This package is used to convert demodulated audio signals into text. It leverages the NeMo ASR model.
NOTE: The installation order matters here. Follow the instructions step-by-step
Some of the pip builds for NLP pkgs need a C++ compiler. Building some of NeMo's ASR dependencies also requires a Rust compiler
-
Install
git-lfs
in order to access the large binary files in this repositorysudo apt-get install git-lfs git lfs install
-
Install Binary Dependencies of NVIDIA-built PyTorch package
sudo apt-get install libopenblas-base libopenmpi-dev
Note: Always add compilers when creating the initial environment: they have activation scripts to set the environment, so otherwise would have to deactivate and reactivate the environment.
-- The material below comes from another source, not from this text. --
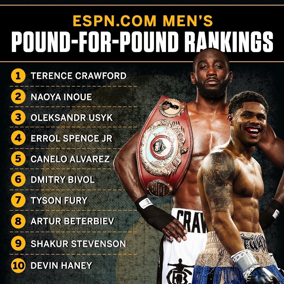 Вудьярд: 1. Кроуфорд, 2. Иноу, 3. Усик, 4. Бивол, 5. Альварес, 6. Бенавидес, 7. Дэвис, 8. Стивенсон, 9. Лопес, 10. Бетербиев
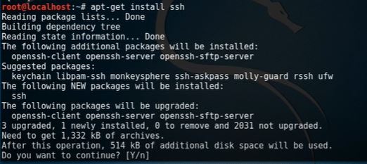By default, Kali Linux comes with an OpenSSH server installed on it. For some reason, if it is not present in there, then follow the below-given command to get it installed.

conda create -n gnuradio-asr -c file:///opt/deepwave/conda-channels/airstack-conda python=3.6 compilers rust numpy scipy matplotlib mamba
conda activate gnuradio-asr
mamba update mamba
mamba install -c file:///opt/deepwave/conda-channels/airstack-conda gnuradio soapysdr-module-airt
mamba install scikit-learn onnx ipython pandas notebook numba click=7 cython h5py \
sympy editdistance nltk grpcio markdown werkzeug tensorboard=2.4
See documentation here for installing PyTorch on JetPack.
-
The steps for PyTorch 1.9.0 (downloading the package from NVidia)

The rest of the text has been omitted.